The U.S. won the most medals with 103.
The XI Olympiad is also known as the “Nazi Games” because Adolf Hitler and the Nazi Party ran Germany at that time. Hitler used the Games for propaganda, to prove that his anti-Semitic policies could be overlooked. Anti-Jew signs were removed from public view during the Olympics, and foreign visitors were excused from racial laws.
The Games introduced televised broadcasts, with two German networks broadcasting. However, Germany put strict regulations on the media to put a positive image on the Games.
Many countries debated on whether to send athletes to the Games, since the Nazis were racial supremacists and persecuted certain groups. Going to the Games might be viewed as approving of these tactics, but not sending athletes meant not competing. In the end, few nations chose to boycott, but many Jewish athletes did not compete.
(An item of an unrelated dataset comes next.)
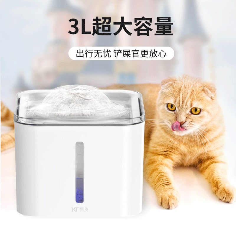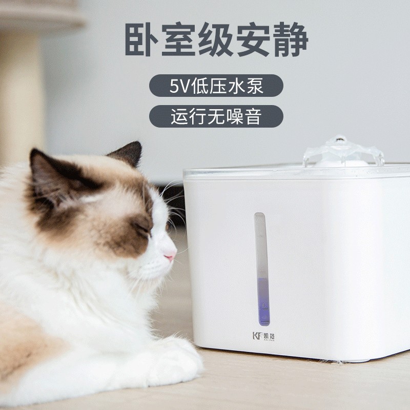 凯范猫咪饮水机自动循环流动水宠物智能用品猫狗喂水器方形高端款-优雅白
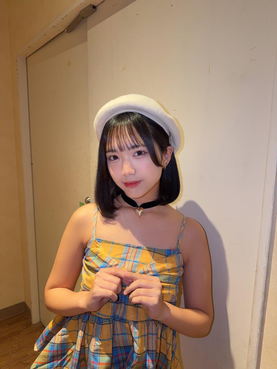 \2305/ やほー(ˆ . ̫ . )"今日もライブありがとうございました✨️ 今日はカラコンがいつもよりちっちゃかったからナチュラルな感じでしたー.ᐟ‪(メイクはほぼいつもと変えてないけど) 黄色衣装初めて着た.ᐟ‪やっぱり白はソワソワしますね(笑)これブーツも白なんです🤍これからまた沢山着ていくと思うのでぜひまた見に来てくださいね~👀🌼 特にベレー帽も白色なのが違和感でした(⸝⸝¯ᵕ¯⸝⸝)白色だからキノコみたい.ᐟ‪.ᐟ‪黒髪に対象的な色やから逆に可愛い😽✨️ 実は明日もまだ着(2

The Berlin Olympics also introduced the Olympic torch relay.
These Olympics were held from August 1 to 16. Competing in 129 events in 19 sports, from 49 countries, were 4,066 athletes.
The big story of the 1936 Olympics was Jesse Owens of the U.S. An African-American, he shattered Hitler’s ideals of Aryan supremacy with his four gold medals in the 100m and 200m sprints, the long jump, and the 4x100m relay race. Though not representing Nazi beliefs, German fans loved Owens. A street in Berlin was named after him in 1980.
Germany won the most medals with 89.